▸ WHAT TO PRODUCE:
For this exercise, write out the whole listing below exactly, omitting its images.

▸ DATA:

------------------------------------------------------------

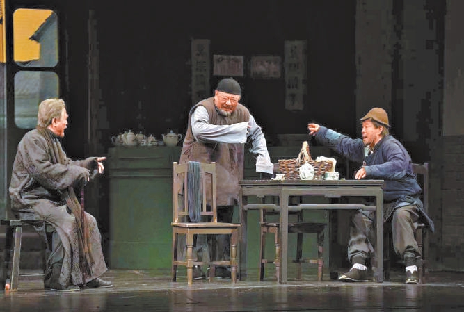 北京人艺经典话剧《茶馆》剧照。 北京日报记者 方非摄
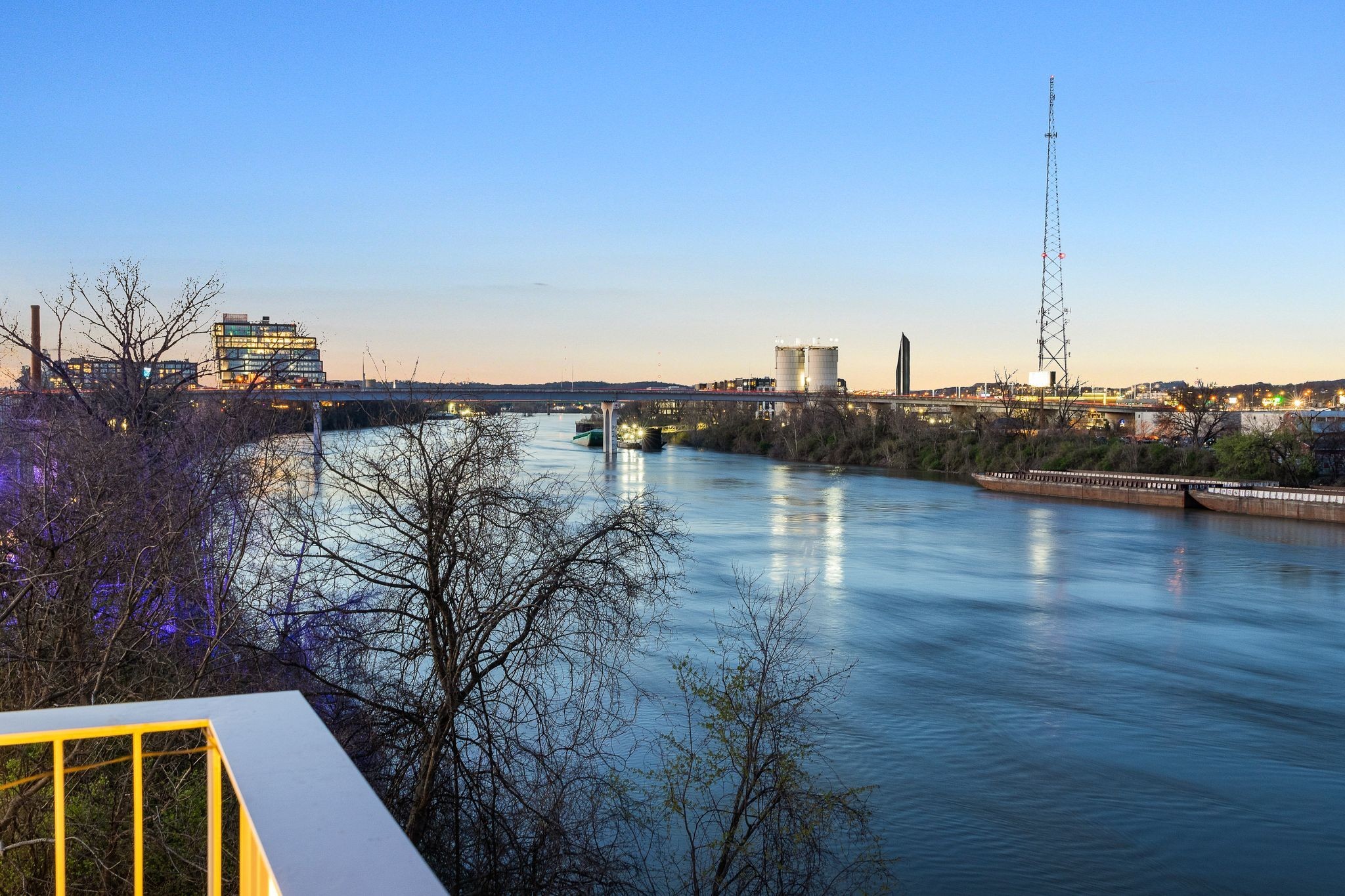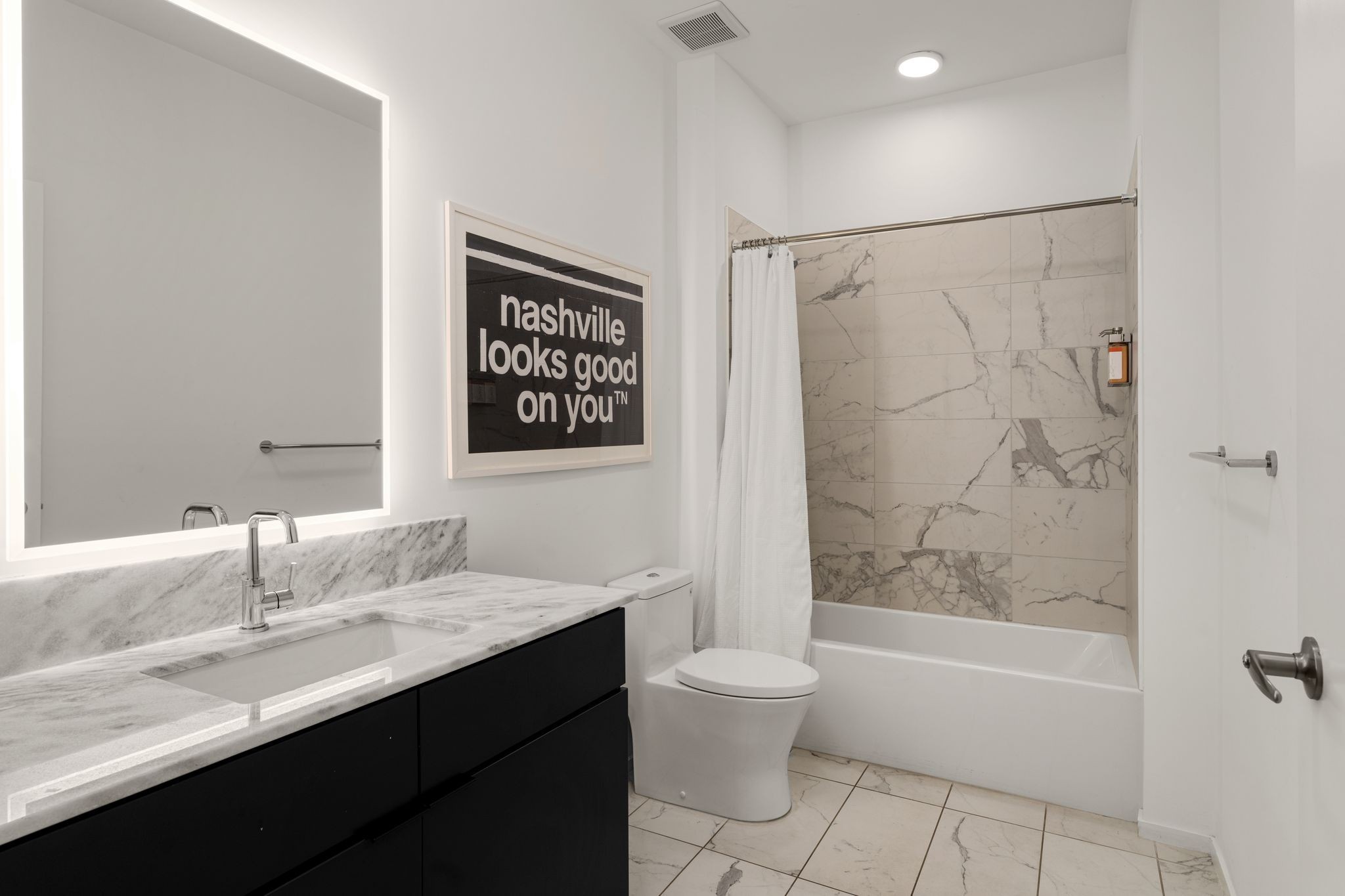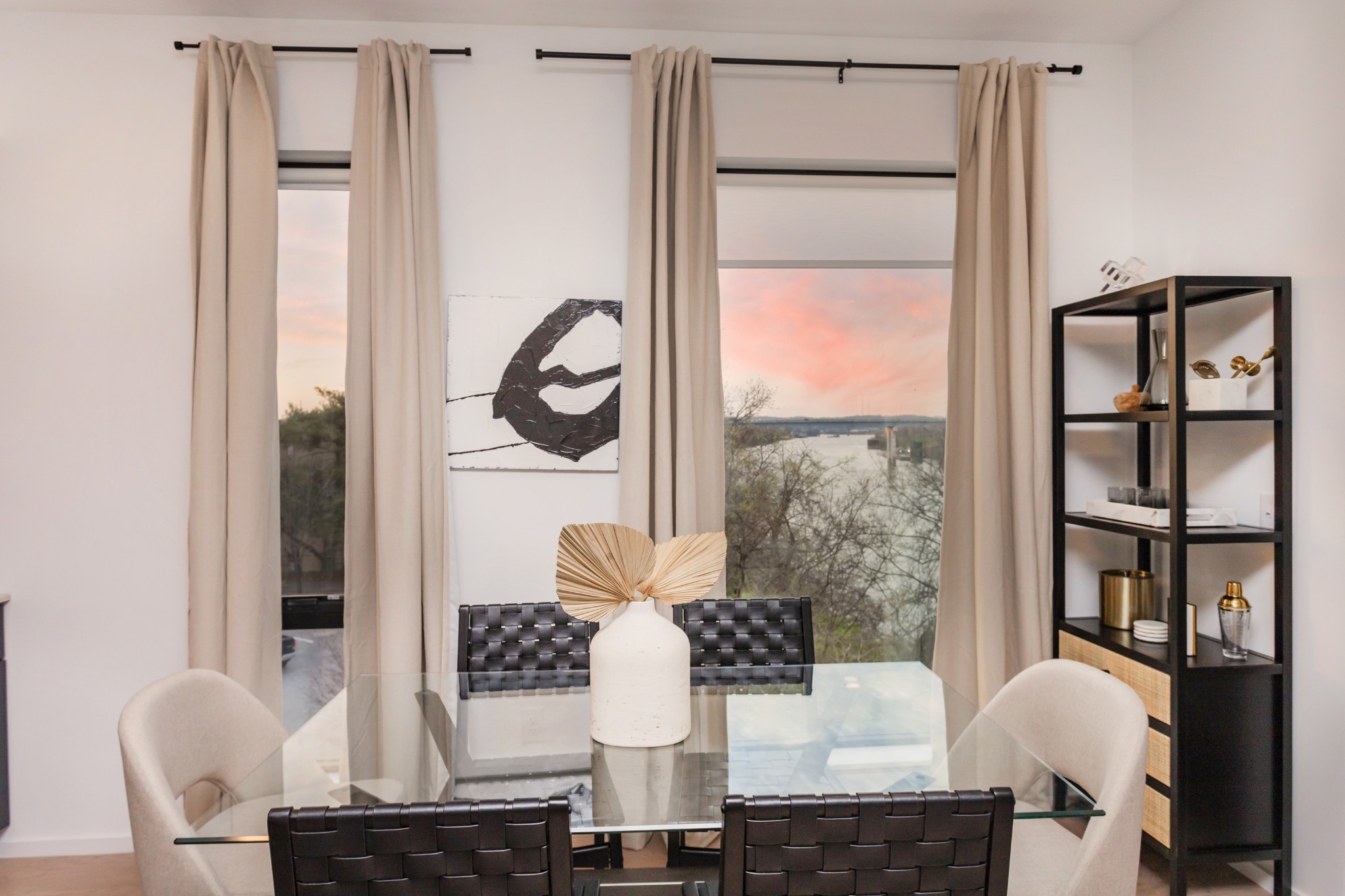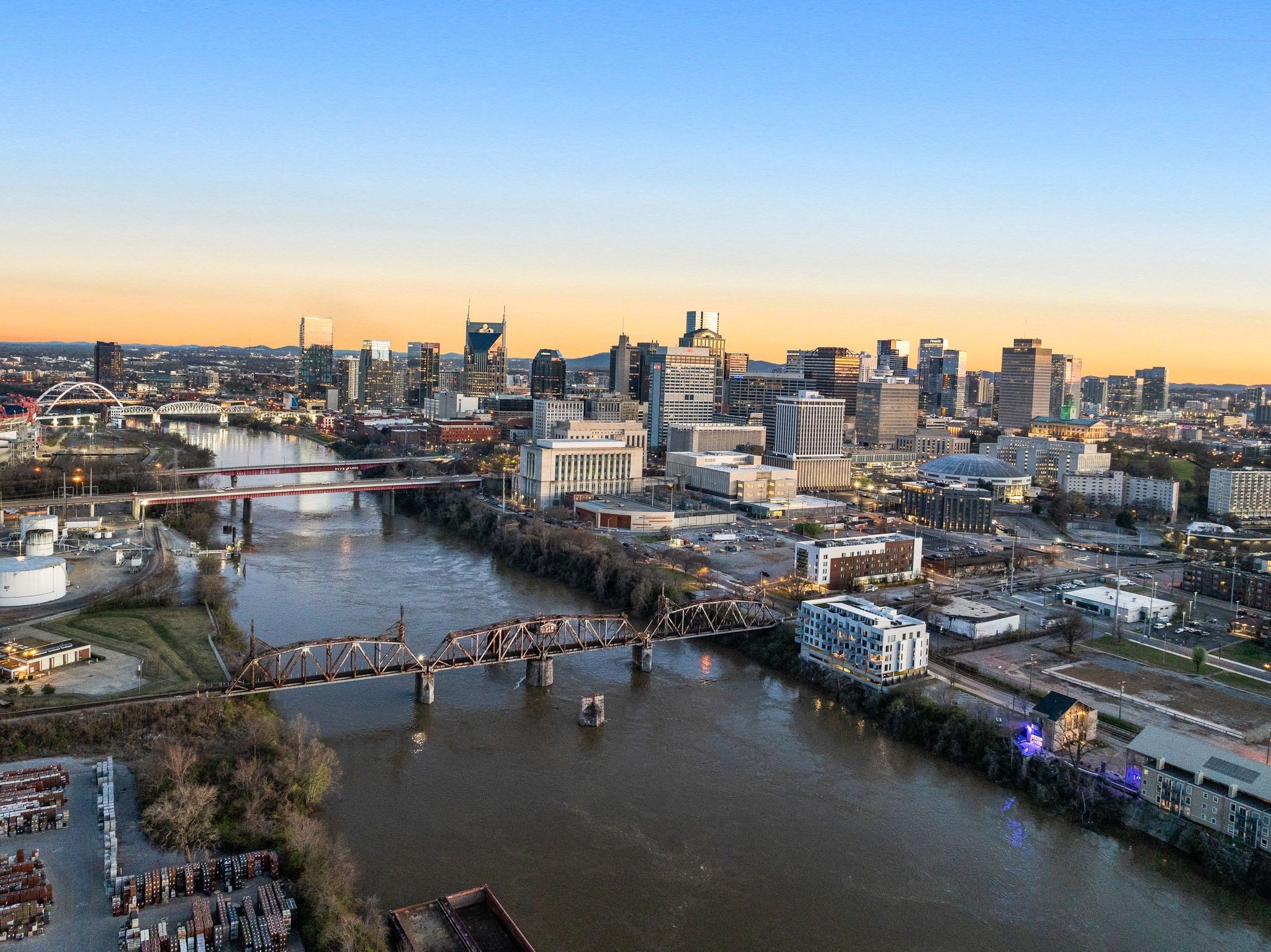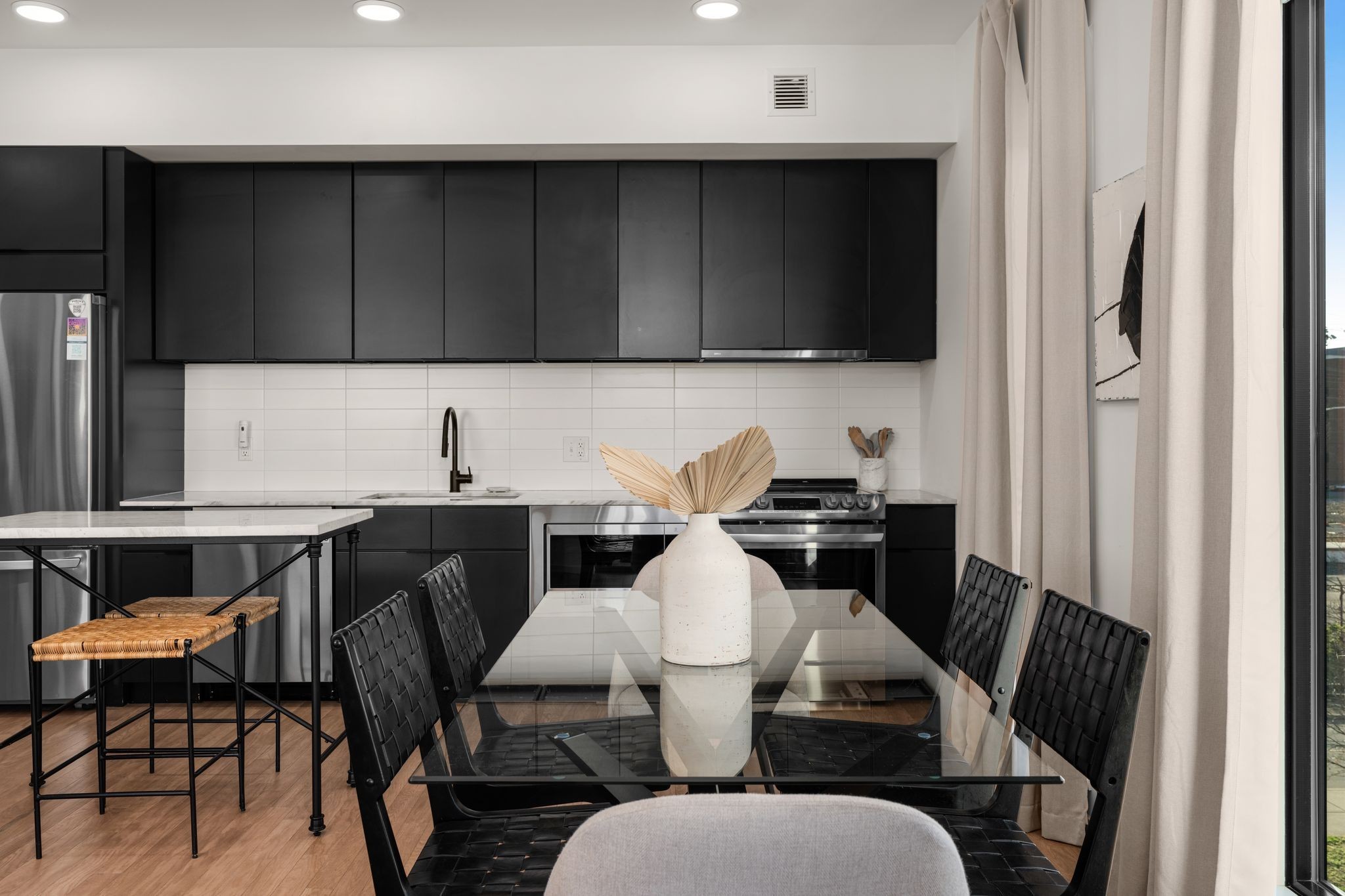 Premier unit at The Eve- one of the most coveted floor plans in the building, offering 3 bedrooms with spacious closets, powder room, and two private balconies with panoramic riverfront and downtown views. One of just 28 exclusive homes in this boutique development, this unit places you directly on the Cumberland River and sits across from the emerging Oracle campus. The interior showcases thoughtful design with extra-tall ceilings that enhance the natural light flowing throughout the space. Custom wallpaper adds character with premium finished wood flooring. The kitchen features a complete package of stainless steel appliances, perfect for both everyday cooking and entertaining. Primary suite opens to the second level private balcony, allowing you to start each day with unobstructed river and skyline views. Strategically located near both Downtown and Germantown, you'll enjoy proximity to acclaimed restaurants, coffee shops, and boutiques. A brief walk connects you to Broadway's entertainment district when you're ready to experience Nashville's vibrant nightlife. The residence offers complete flexibility with short-term rental eligibility--whether you choose to live here full-time, rent long-term, or utilize as a short-term rental investment. Professionally designed by Boots Up Design & Wallpaper Co.
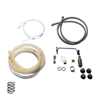 The La Marzocco  Linea Micra plumb in kit includes all the parts necessary to convert your Linea Micra reservoir machine to a plumb in version.  It comes with the braided hose for incoming water, the clear armored hose for draining the drip tray, and all of the installation pieces to help you convert your machine.
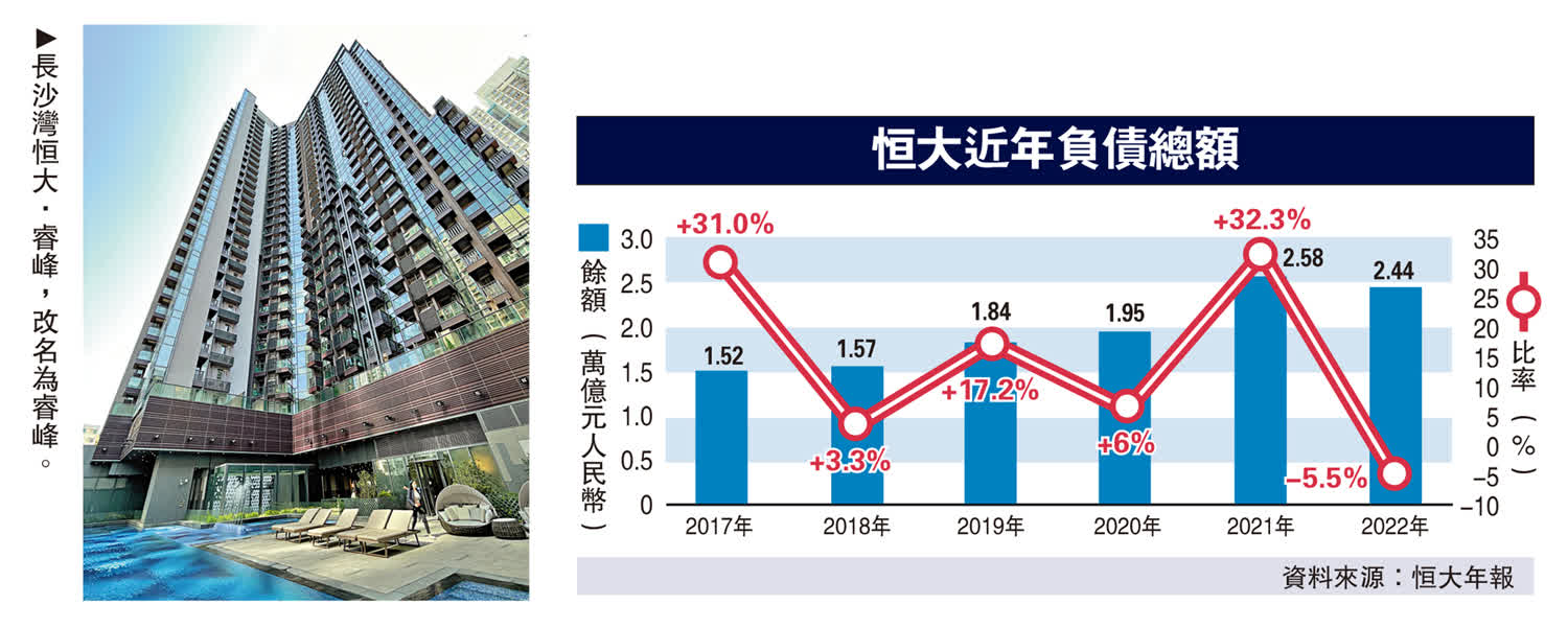 此外,恒大另一個項目、長沙灣的恆大·睿峰,全盤414個單位,貨尾已由合作夥伴鼎珮接手,改名為睿峰,目前尚餘約60伙貨尾,總銷售金額約33億元。

------------------------------------------------------------

▸ SOLUTION TO THIS EXERCISE:
 北京人艺经典话剧《茶馆》剧照。 北京日报记者 方非摄
 Premier unit at The Eve- one of the most coveted floor plans in the building, offering 3 bedrooms with spacious closets, powder room, and two private balconies with panoramic riverfront and downtown views. One of just 28 exclusive homes in this boutique development, this unit places you directly on the Cumberland River and sits across from the emerging Oracle campus. The interior showcases thoughtful design with extra-tall ceilings that enhance the natural light flowing throughout the space. Custom wallpaper adds character with premium finished wood flooring. The kitchen features a complete package of stainless steel appliances, perfect for both everyday cooking and entertaining. Primary suite opens to the second level private balcony, allowing you to start each day with unobstructed river and skyline views. Strategically located near both Downtown and Germantown, you'll enjoy proximity to acclaimed restaurants, coffee shops, and boutiques. A brief walk connects you to Broadway's entertainment district when you're ready to experience Nashville's vibrant nightlife. The residence offers complete flexibility with short-term rental eligibility--whether you choose to live here full-time, rent long-term, or utilize as a short-term rental investment. Professionally designed by Boots Up Design & Wallpaper Co.
 The La Marzocco  Linea Micra plumb in kit includes all the parts necessary to convert your Linea Micra reservoir machine to a plumb in version.  It comes with the braided hose for incoming water, the clear armored hose for draining the drip tray, and all of the installation pieces to help you convert your machine.
 此外,恒大另一個項目、長沙灣的恆大·睿峰,全盤414個單位,貨尾已由合作夥伴鼎珮接手,改名為睿峰,目前尚餘約60伙貨尾,總銷售金額約33億元。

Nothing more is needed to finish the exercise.